Published February 4, 2022 | Version v1
Journal article Open

Classical mathematical models for prediction of response to chemotherapy and immunotherapy

  • 1. RWTH Aachen University
  • 2. Polish Academy of Sciences
  • 3. Delft University of Technology
  • 4. University of Chicago
  • 5. Lee Moffitt Cancer Center & Research Institute

Description

Classical mathematical models of tumor growth have shaped our understanding of cancer and have broad practical implications for treatment scheduling and dosage. However, even the simplest textbook models have been barely validated in real world-data of human patients.
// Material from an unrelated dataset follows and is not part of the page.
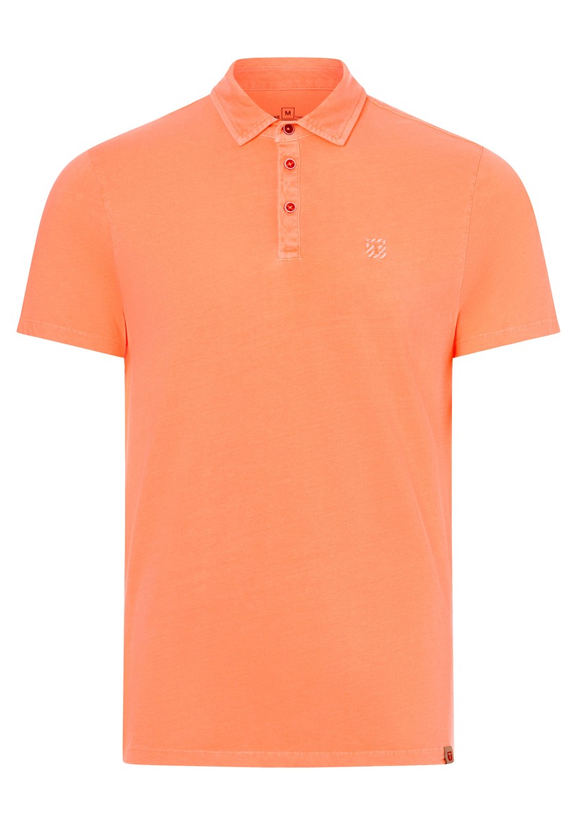 Universal polo shirt. You can combine it in many ways, it always looks fresh and sporty and sometimes it can be elegant. Styling is important. A classic cut with an outer fabric collar, short sleeves and a straight hem with slits at the sides. Model made of pure garment-dyed cotton in timeless, lightweight single jersey quality. With special details: a very narrow button placket with a contrasting button and an elegant, matching logo embroidery on the chest.

In this study, we fitted a range of differential equation models to tumor volume measurements of patients undergoing chemotherapy or cancer immunotherapy for solid tumors. We used a large dataset of 1472 patients with three or more measurements per target lesion, of which 652 patients had six or more data points. We show that the early treatment response shows only moderate correlation with the final treatment response, demonstrating the need for nuanced models. We then perform a head-to-head comparison of six classical models which are widely used in the field: the Exponential, Logistic, Classic Bertalanffy, General Bertalanffy, Classic Gompertz and General Gompertz model. Several models provide a good fit to tumor volume measurements, with the Gompertz model providing the best balance between goodness of fit and number of parameters. Similarly, when fitting to early treatment data, the general Bertalanffy and Gompertz models yield the lowest mean absolute error to forecasted data, indicating that these models could potentially be effective at predicting treatment outcome. In summary, we provide a quantitative benchmark for classical textbook models and state-of-the art models of human tumor growth. We publicly release an anonymized version of our original data, providing the first benchmark set of human tumor growth data for evaluation of mathematical models.

Data availability

All experiments were conducted in accordance with the Declaration of Helsinki and the International Ethical Guidelines for Biomedical Research Involving Human Subjects by the Council for International Organizations of Medical Sciences (CIOMS). This study complies with the “Transparent reporting of a multivariable prediction model for individual prognosis or diagnosis” (TRIPOD) statement [32]. All data were obtained in an anonymized way through a proposal to F. Hoffmann-La Roche Ltd. Through the platform “Clinical Study Data Request” (CSDR, www.ClinicalStudyDataRequest.com), which is now inactive and has been replaced by the Vivli platform (https://vivli.org, April 2021). Qualified researchers may request access to individual patient level data through the clinical study data request platform (https://vivli.org/). Further details on Roche’s criteria for eligible studies are available here (https://vivli.org/members/ourmembers/). For further details on Roche’s Global Policy on the Sharing of Clinical Information and how to request access to related clinical study documents, see (https://www.roche.com/research_and_development/who_we_are_how_we_work/clinical_trials/our_commitment_to_data_sharing.htm). The original proposal submitted to the CSDR platform is available in S1 Text. In order to enable reproduction of our experiments, we publicly release a fully anonymized subset of the data containing only the tumor volume measurements for the target lesion and the respective study and treatment arm (S1 Data).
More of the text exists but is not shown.